There has long been scientific interest in marine oxygen depletion, Pimenta said, but researchers typically use high-cost equipment that involves tagging with carbon isotopes. Pimenta said he plans to work with a lower cost method that features dissolved inorganic carbon and dissolved carbon-dioxide gas.
He hopes his research will help state and federal regulators set environmental policy based on more precise information.
“If I can prove that this method works, regulatory agencies could do more targeted cuts and achieve a greater environmental impact,” Pimenta said. “Say they want to reduce the numbers from someone producing runoff: By using this method their efforts could be tailored to a specific estuary rather than using a theoretical approach that’s more broad based.”
Last year, marine policy doctoral student Kelley Appleman became the first recipient of a DuPont “Clear into the Future” Graduate Research Fellowship. This year, Appleman, 29, of Hollidaysburg, Pa., will use her $25,000 fellowship to continue studying the economic value of migratory shorebirds in the Delaware Estuary. She explained that each year hundreds of thousands of migrating shorebirds stop over in Delaware to fuel up on the eggs of spawning horseshoe crabs.

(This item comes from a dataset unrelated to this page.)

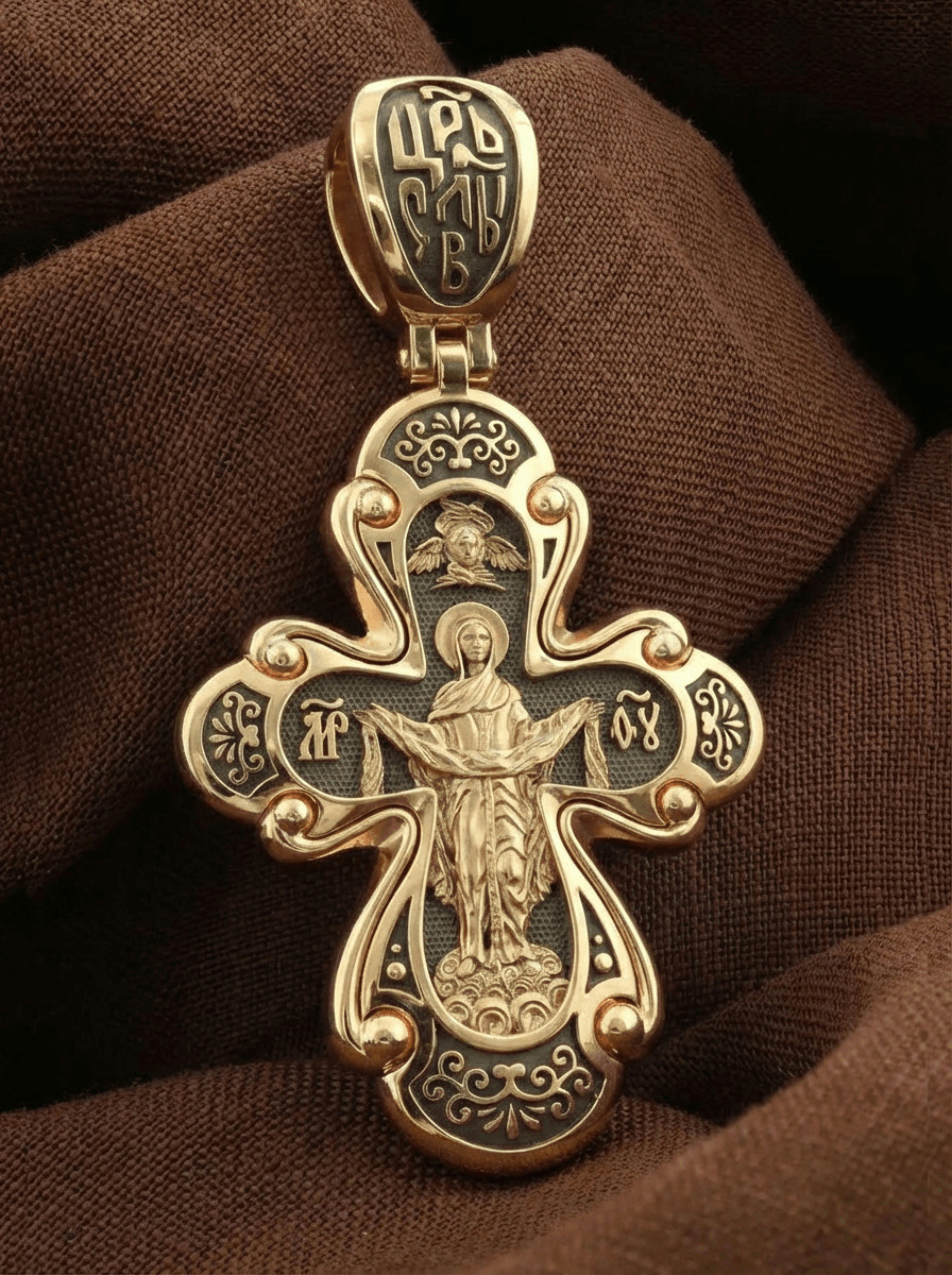 На обороте креста изображена икона Покрова Пресвятой Богородицы. Праздник Покрова Божией Матери является воспоминанием чуда, которое произошло во Влахнернской церкви 1 (14) октября 910 года: Пресвятая Богородица явилась верующим над алтарем храма и распростерла над ними Свое покрывало. В этот день Божья Матерь открыла людям, что Она является Ходатаицей за них перед Богом. Богородица простирает Свой молитвенный покров над всеми православными христианами и умоляет Сына Своего о даровании вечного спасения каждому человеку. Над образом изображен крылатый Серафим.

“The Delaware Estuary is the only place in the world that combines the phenomenon of shorebirds and horseshoe crabs and how the two species are intertwined,” she said. “This is a unique natural occurrence that you don’t come across very often.”
In May, Appleman surveyed nearly 600 birdwatchers at three main locations in the Delaware Estuary. The surveys asked birdwatchers to answer a variety of questions, including whether or not they viewed four main migratory species, what other sites they visited, and how much they spent on their trip. To date, she has received almost 370 completed responses. Appleman expects to have preliminary results from her initial survey later this summer.
In September, she will randomly draw 1,600 Delaware residents to receive a mail questionnaire. From the responses to these questionnaires, Appleman will be able to determine non-birders’, or non-users, intrinsic values for changes in the shorebird population.
“The information will be important for resource managers and policy makers,” Appleman said. “In order to make decisions regarding the use of the estuary’s resources, it’s important to understand how to allocate these scarce resources effectively.”
At some point, she hopes to repeat her research on the New Jersey side of the estuary.
DuPont awards Clear into the Future fellowships to outstanding graduate students whose research promises to add to the body of scientific knowledge about the Delaware River and Delaware Bay.
This year’s six winners attend the University of Delaware, Rutgers University, and Drexel University, respectively. Each will receive a $25,000 fellowship to fund a faculty-approved research project.